* [Records for the exercise]:
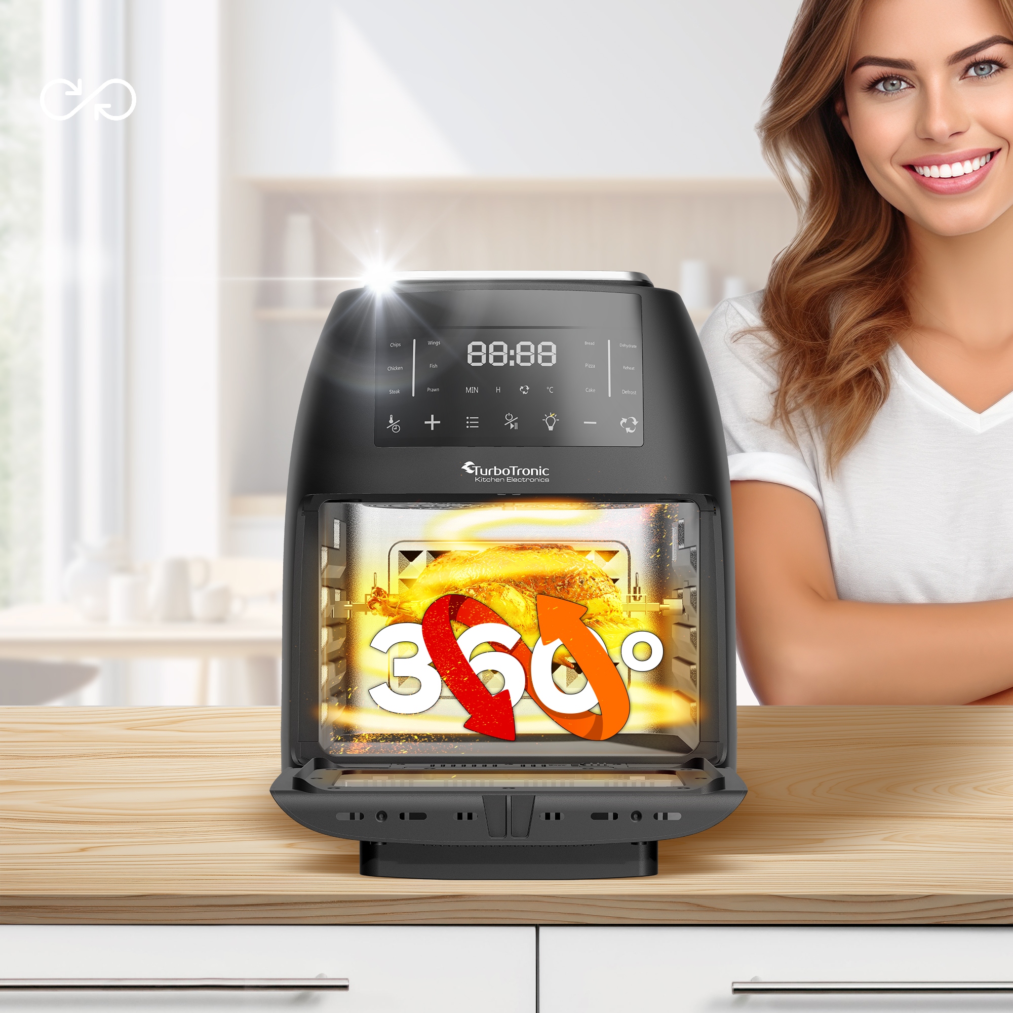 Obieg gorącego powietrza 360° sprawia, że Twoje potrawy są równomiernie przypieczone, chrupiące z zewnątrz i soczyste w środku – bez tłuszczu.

...

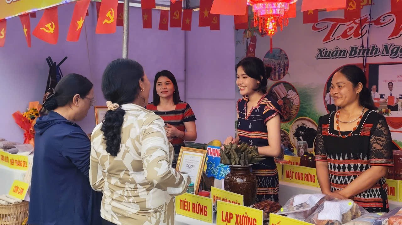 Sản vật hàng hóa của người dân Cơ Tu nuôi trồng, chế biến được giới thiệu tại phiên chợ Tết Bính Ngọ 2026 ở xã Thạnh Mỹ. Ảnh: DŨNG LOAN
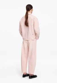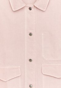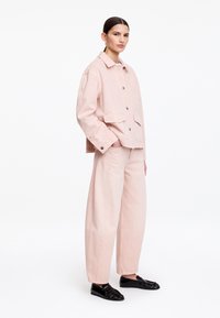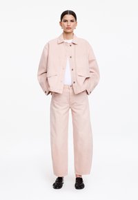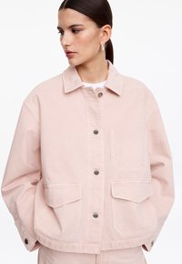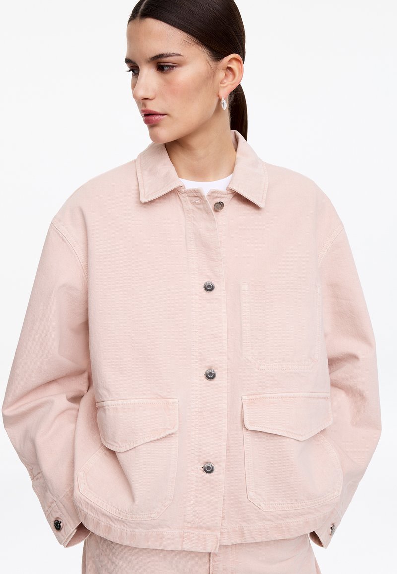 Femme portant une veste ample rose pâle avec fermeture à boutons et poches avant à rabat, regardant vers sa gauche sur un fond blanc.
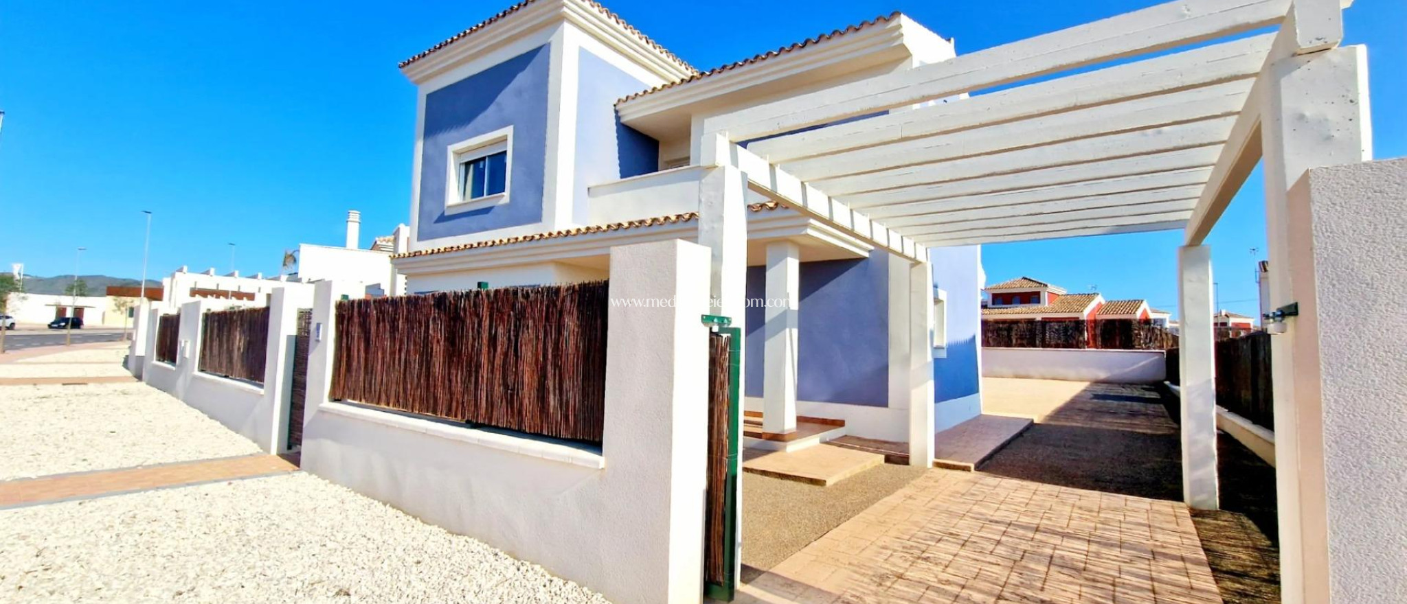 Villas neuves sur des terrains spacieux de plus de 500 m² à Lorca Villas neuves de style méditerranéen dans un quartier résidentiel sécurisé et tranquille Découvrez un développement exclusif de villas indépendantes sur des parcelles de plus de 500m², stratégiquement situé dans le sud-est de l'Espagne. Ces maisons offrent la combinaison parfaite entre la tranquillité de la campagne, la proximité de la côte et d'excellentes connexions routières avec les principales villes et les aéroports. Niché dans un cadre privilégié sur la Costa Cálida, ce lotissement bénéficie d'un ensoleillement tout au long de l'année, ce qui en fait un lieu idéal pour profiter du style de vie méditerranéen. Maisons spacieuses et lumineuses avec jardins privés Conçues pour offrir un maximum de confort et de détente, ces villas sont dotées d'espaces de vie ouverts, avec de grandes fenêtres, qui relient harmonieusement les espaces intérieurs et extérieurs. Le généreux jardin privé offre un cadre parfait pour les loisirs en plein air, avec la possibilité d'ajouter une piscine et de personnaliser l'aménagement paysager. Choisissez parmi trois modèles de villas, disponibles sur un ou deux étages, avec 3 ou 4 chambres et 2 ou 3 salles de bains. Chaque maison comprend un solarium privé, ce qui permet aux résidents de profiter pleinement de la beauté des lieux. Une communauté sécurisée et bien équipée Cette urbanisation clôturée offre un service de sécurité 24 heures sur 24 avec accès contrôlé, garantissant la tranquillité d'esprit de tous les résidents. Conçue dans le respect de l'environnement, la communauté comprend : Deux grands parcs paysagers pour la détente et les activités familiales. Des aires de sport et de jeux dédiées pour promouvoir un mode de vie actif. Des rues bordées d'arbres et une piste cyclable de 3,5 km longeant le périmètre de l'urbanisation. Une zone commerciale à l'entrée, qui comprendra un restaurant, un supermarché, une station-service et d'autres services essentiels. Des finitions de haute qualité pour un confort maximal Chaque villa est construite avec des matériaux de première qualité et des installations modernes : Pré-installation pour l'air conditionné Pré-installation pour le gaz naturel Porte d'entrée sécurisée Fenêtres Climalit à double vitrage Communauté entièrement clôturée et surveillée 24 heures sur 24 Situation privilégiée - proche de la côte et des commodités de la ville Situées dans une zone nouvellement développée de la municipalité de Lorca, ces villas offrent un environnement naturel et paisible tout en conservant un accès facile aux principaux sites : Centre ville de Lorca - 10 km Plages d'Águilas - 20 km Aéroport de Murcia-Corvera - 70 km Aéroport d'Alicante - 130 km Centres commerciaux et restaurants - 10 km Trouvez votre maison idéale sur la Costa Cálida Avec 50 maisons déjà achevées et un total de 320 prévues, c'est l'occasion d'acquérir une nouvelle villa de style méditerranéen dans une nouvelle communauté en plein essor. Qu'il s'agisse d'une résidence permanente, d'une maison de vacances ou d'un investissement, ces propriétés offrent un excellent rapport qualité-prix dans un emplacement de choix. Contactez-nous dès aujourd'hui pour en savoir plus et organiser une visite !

* [Activity]: Leaving out all pictures, set down exactly the lines of the material above, from the line with "Sản vật hàng" to the line with "Femme portant une" inclusive, and no others.

* [Written reply]:
 Sản vật hàng hóa của người dân Cơ Tu nuôi trồng, chế biến được giới thiệu tại phiên chợ Tết Bính Ngọ 2026 ở xã Thạnh Mỹ. Ảnh: DŨNG LOAN
 Femme portant une veste ample rose pâle avec fermeture à boutons et poches avant à rabat, regardant vers sa gauche sur un fond blanc.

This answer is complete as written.